Madinat ash Shamal () is the capital city of the municipality of Al Shamal in Qatar. Located more than  north of Qatar's capital Doha, the city was delimited in 1988 and shares its boundaries with Ar Ru'ays to the east and Abu Dhalouf to the west.

Etymology
The city's name "Madinat ash Shamal" translates to "city of the north".

Geography

Madinat ash Shamal is located at a distance of over 100 km of the capital Doha, 27 km away from Zubarah, 24 km away from Fuwayrit, 76 km away from Al Khor, and 122 km away from Al Wakrah.

History
Throughout most of the 20th century, Abu Dhalouf and Ar Ru'ays were the largest villages on the northern coast. In the early 1970s, the Qatari government enacted a plan to establish Madinat ash Shamal between these two villages to serve as an administrative center for the north, in line with its policy of decentralization from the capital of Doha. Throughout the 1970s, a road system and a port were built to connect the three villages. As part of a government housing project, 50 houses had been built in Madinat ash Shamal by 1976. Large-scale development of Madinat ash Shamal continued through the 1980s and 1990s.

Visitor attractions

Situated next to the Al Shamal Municipality headquarters is Madinat ash Shamal Park. One of Qatar's larger parks, it occupies an area of 56,000 square meters. Facilities in the park include a restaurant, café, bathrooms and a children's play area. Water features are present in the park, as well as an irrigation system to sustain its various plants.

Infrastructure
The city's first public library was opened in 1979.

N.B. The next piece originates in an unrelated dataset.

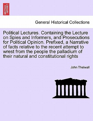 Title: Political Lectures. Volume the first, Part the first: containing the Lecture on Spies and Informers (fourth edition), and the first Lecture on Prosecutions for Political Opinion (third edition). To which is prefixed, a Narrative of facts relative to the recent attempt to wrest from the people the palladium of their natural and constitutional rights. Few MS. notes [by the Author].Publisher: British Library, Historical Print EditionsThe British Library is the national library of the United Kingdom. It is one of the world's largest research libraries holding over 150 million items in all known languages and formats: books, journals, newspapers, sound recordings, patents, maps, stamps, prints and much more. Its collections include around 14 million books, along with substantial additional collections of manuscripts and historical items dating back as far as 300 BC.The GENERAL HISTORICAL collection includes books from the British Library digitised by Microsoft. This varied collection includes material that gives readers a 19th century view of the world. Topics include health, education, economics, agriculture, environment, technology, culture, politics, labour and industry, mining, penal policy, and social order. ++++The below data was compiled from various identification fields in the bibliographic record of this title. This data is provided as an additional tool in helping to insure edition identification: ++++ British Library Thelwall, John; 1795. 8 . 12270.pp.4.(5.)

By 1976 the city had its first hospital, with a meager 16 beds. At present, one of the only healthcare centers in the region is hosted by the city.

Sports

Multi-sports club Al Shamal SC is based in the city. They play their home games at Al-Shamal SC Stadium, which is fashioned after a traditional fort.

Administration
When free elections of the Central Municipal Council first took place in Qatar during 1999, Madinat ash Shamal was designated the seat of constituency no. 28. It would remain the headquarters of constituency no. 28 for the next three consecutive elections until the fifth municipal elections in 2015, when it was moved to constituency no. 29 and the seat was shared by Madinat ash Shamal and Ar Ru'ays. Also included in its constituency is Abu Dhalouf, Al Jumail, Zubarah, Ain Mohammed and Al `Arish.

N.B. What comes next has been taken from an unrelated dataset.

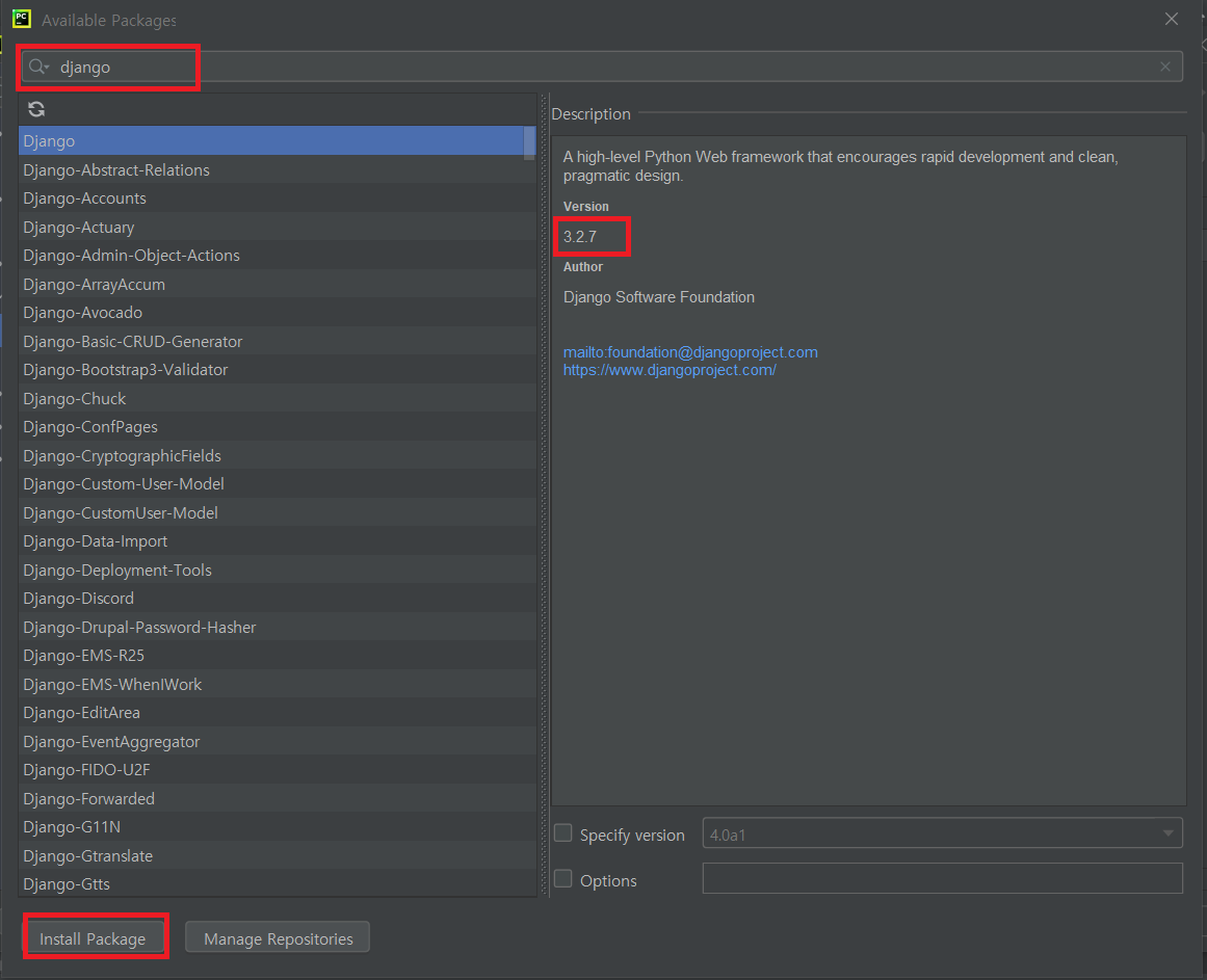 django 검색 후 버전 확인 하고 Install Package 누르고 장고를 설치합니다.

In the inaugural municipal elections in 1999, Saad Ali Al Nuaimi won the elections, receiving 33.3%, or 64 votes. The runner-up candidate was Hussain Ibrahim Al Fadhalah, whose share of the votes was 18.2%, or 35 votes. Voter turnout was 87.7% Al Nuaimi retained his seat in the 2002, 2007 and 2011 elections. In the 2015 elections, Nasser Hassan Al-Kubaisi was elected constituency representative.

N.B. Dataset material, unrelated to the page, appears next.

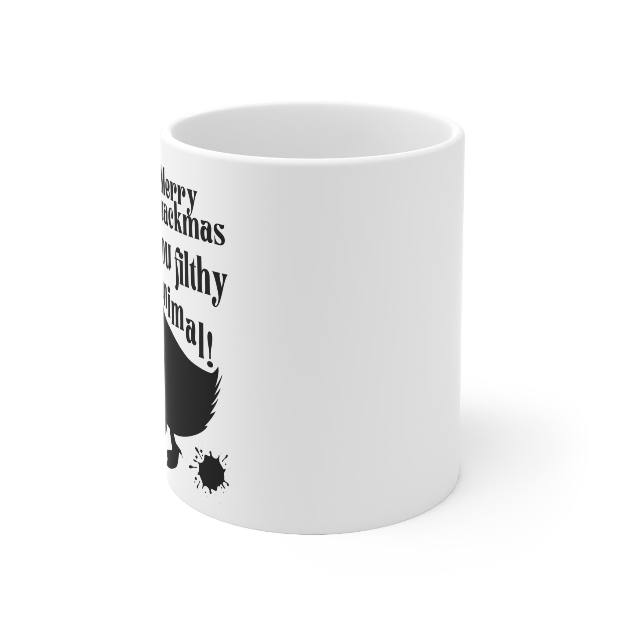 Add a touch of quirky humor to your morning coffee routine with this ceramic mug featuring the phrase 'Merry quackmas you filthy animal' and a duck in a Santa hat pooping. Perfect for those who enjoy fun and lighthearted holiday decor.

Qatar National Master Plan
The Qatar National Master Plan (QNMP) is described as a "spatial representation of the Qatar National Vision 2030". As part of the QNMP's Urban Centre plan, which aims to implement development strategies in 28 central hubs that will serve their surrounding communities, Madinat ash Shamal has been designated a Town Centre, which is the third-highest designation. It is the only Urban Centre in the municipality. 

Al Shamal Town Centre will be located at the midpoint of Madinat ash Shamal and its two neighboring settlements of Abu Dhalouf and Al Ruwais. The plan will focus on upgrading Al Ruwais Port, increasing tourism to the area, and preserving the coastal ecosystem. New mixed-use developments will be constructed to meet the commercial needs of the residents of the aforementioned settlements. Some of the planned buildings include a post office, a 123,965 m² botanical garden, a theme park, a ladies club, a social centre, a new municipal office, and three new schools.